### Task objective
Please print exactly the lines below, from the start of the material up to and including the line with "Tijdens het aankleden", but none of the pictures.

### Data excerpts
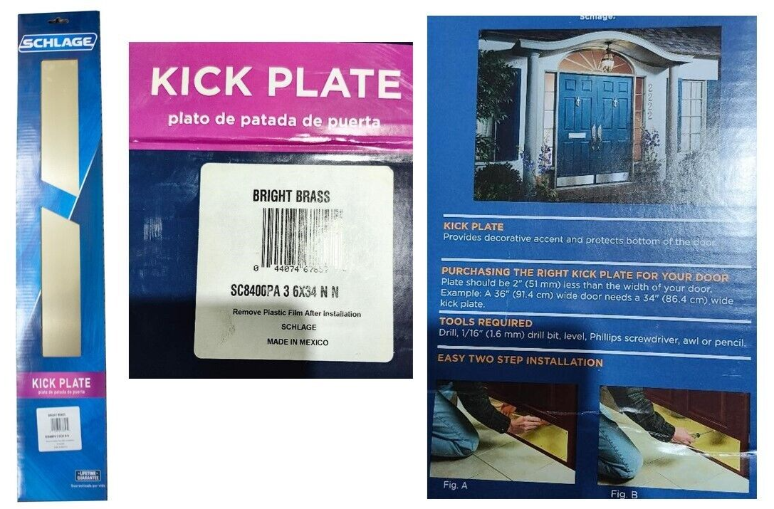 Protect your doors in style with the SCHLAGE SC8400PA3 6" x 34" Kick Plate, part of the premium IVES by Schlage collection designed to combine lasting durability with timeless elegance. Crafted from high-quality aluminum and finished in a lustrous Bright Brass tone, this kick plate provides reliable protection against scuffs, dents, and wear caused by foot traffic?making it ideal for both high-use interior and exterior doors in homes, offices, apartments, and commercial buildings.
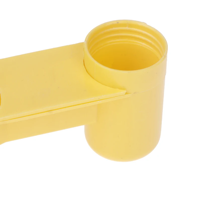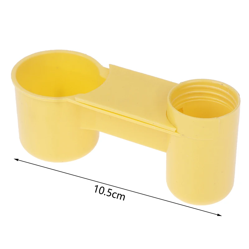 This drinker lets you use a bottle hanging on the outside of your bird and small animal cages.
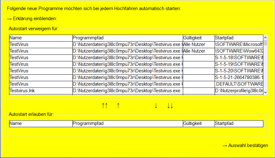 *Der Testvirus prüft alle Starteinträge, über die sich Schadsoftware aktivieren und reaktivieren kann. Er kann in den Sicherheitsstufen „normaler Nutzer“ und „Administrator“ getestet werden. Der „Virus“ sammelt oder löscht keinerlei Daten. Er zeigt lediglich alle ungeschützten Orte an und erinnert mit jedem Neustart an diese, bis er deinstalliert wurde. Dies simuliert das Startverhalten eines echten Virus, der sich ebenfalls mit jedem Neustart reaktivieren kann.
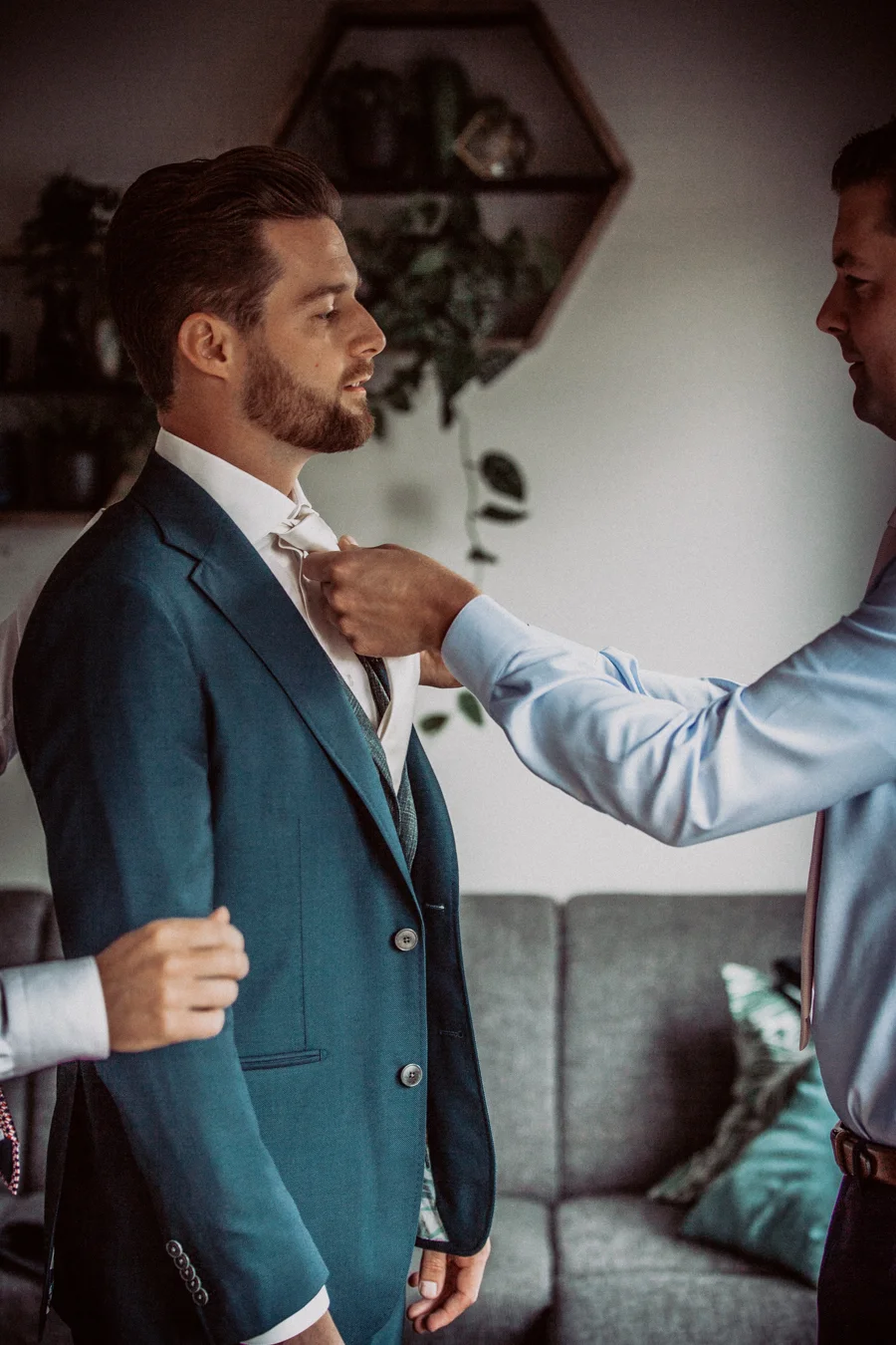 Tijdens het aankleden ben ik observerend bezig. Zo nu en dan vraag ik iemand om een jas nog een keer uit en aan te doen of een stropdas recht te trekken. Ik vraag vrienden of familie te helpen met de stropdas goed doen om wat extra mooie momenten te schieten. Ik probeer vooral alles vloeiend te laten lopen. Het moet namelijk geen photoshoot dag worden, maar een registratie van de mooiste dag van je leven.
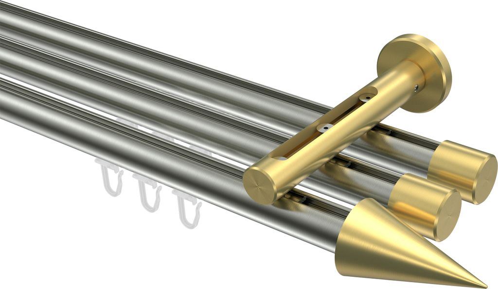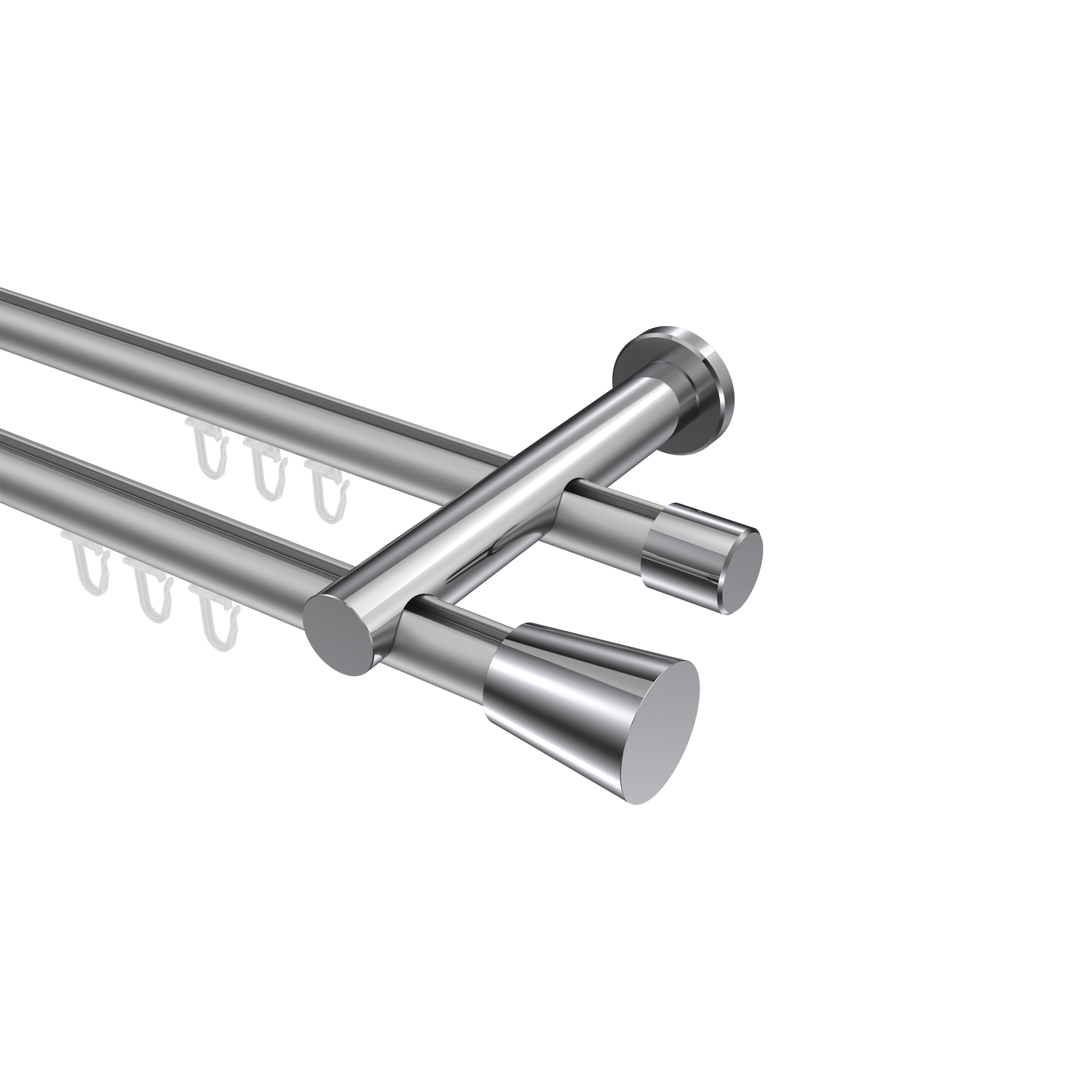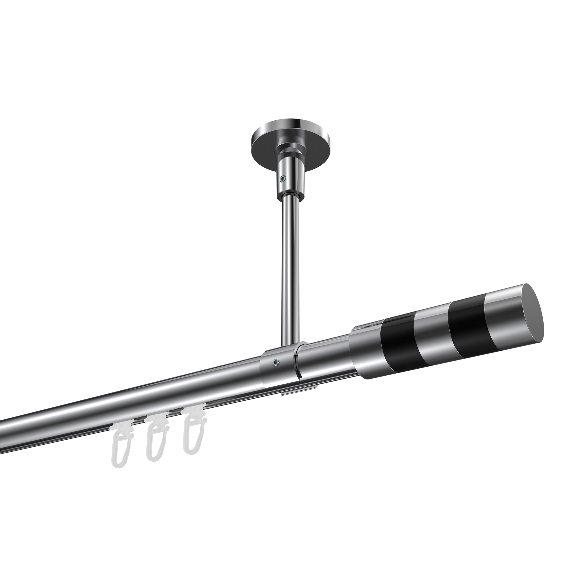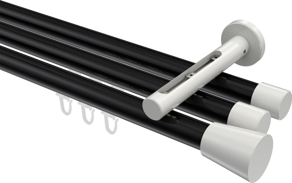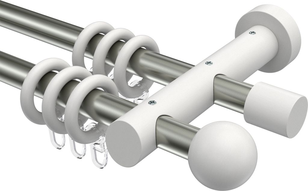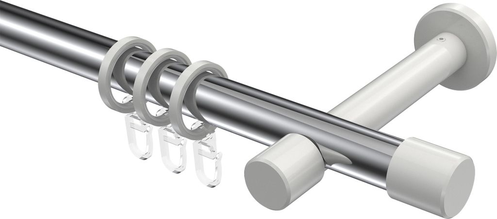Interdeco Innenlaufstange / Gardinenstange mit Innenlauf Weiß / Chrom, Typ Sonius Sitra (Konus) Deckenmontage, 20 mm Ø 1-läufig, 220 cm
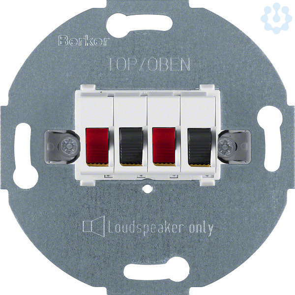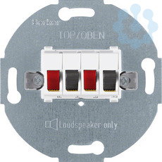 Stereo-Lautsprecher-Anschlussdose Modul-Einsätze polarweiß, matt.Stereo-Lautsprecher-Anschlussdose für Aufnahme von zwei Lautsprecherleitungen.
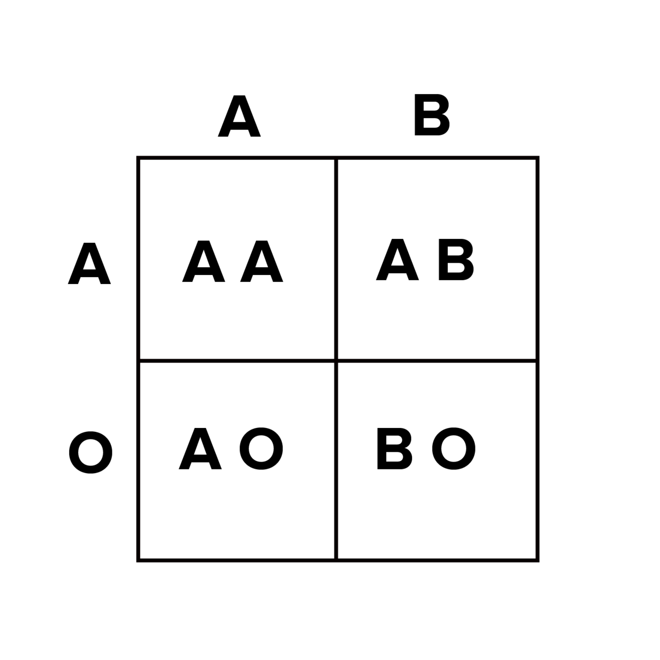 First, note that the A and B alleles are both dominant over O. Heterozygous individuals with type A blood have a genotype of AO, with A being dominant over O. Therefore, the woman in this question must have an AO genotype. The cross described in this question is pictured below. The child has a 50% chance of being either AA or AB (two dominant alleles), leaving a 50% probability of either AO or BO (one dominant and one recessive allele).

### Task output
 Protect your doors in style with the SCHLAGE SC8400PA3 6" x 34" Kick Plate, part of the premium IVES by Schlage collection designed to combine lasting durability with timeless elegance. Crafted from high-quality aluminum and finished in a lustrous Bright Brass tone, this kick plate provides reliable protection against scuffs, dents, and wear caused by foot traffic?making it ideal for both high-use interior and exterior doors in homes, offices, apartments, and commercial buildings.
 This drinker lets you use a bottle hanging on the outside of your bird and small animal cages.
 *Der Testvirus prüft alle Starteinträge, über die sich Schadsoftware aktivieren und reaktivieren kann. Er kann in den Sicherheitsstufen „normaler Nutzer“ und „Administrator“ getestet werden. Der „Virus“ sammelt oder löscht keinerlei Daten. Er zeigt lediglich alle ungeschützten Orte an und erinnert mit jedem Neustart an diese, bis er deinstalliert wurde. Dies simuliert das Startverhalten eines echten Virus, der sich ebenfalls mit jedem Neustart reaktivieren kann.
 Tijdens het aankleden ben ik observerend bezig. Zo nu en dan vraag ik iemand om een jas nog een keer uit en aan te doen of een stropdas recht te trekken. Ik vraag vrienden of familie te helpen met de stropdas goed doen om wat extra mooie momenten te schieten. Ik probeer vooral alles vloeiend te laten lopen. Het moet namelijk geen photoshoot dag worden, maar een registratie van de mooiste dag van je leven.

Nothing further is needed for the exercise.